= Neocatólicos =

19th-century Spanish conservative political movement

The neocatólicos ("neo–Catholics", shorted to neos) was a counter-revolutionary political tradition, faction or movement in late 19th-century Spain, emerged during the reign of Isabella II, akin to "Isabelline traditionalism" and "authoritarian conservatism", fusing anti-liberalism with the defence of the queen's dynastic legitimacy.

Part of the 19th century Spanish counter-revolutionary though, and described as the "extreme right of the Moderate Party that had in Donoso Cortés their father and inspirator", the political struggle of the neos, already coalesced by 1860, sided them with Carlism against the liberal advances and republicanism.

After the 1868 Glorious Revolution (and overthrow of Isabella II) they tended to join the ranks of Carlism.
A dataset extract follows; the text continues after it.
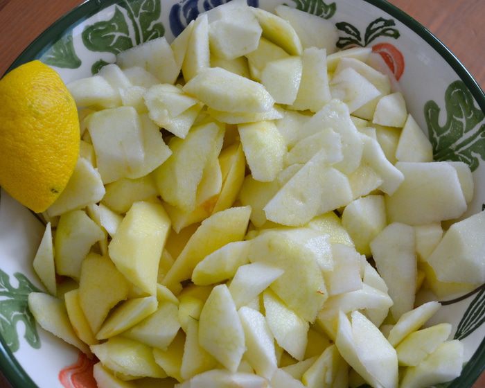 Яблоки помыть, очистить от кожуры и нарезать произвольно небольшими кусочками. Смочить соком половины лимона.

Later in the 19th century, during the Restoration, politicians with a neo-Catholic background would enjoy, unlike old Carlists, some presence in the Conservative cabinets. By 1888 many of them helped to form the Integrist Party.

Neos often denounced Krausists, deriding them as "Pantheists" and "anti-Catholics".

Some neo-Catholic representatives include Cándido Nocedal, Antonio Aparisi y Guijarro, Gabino Tejado, Eduardo González Pedroso and Ortí y Lara.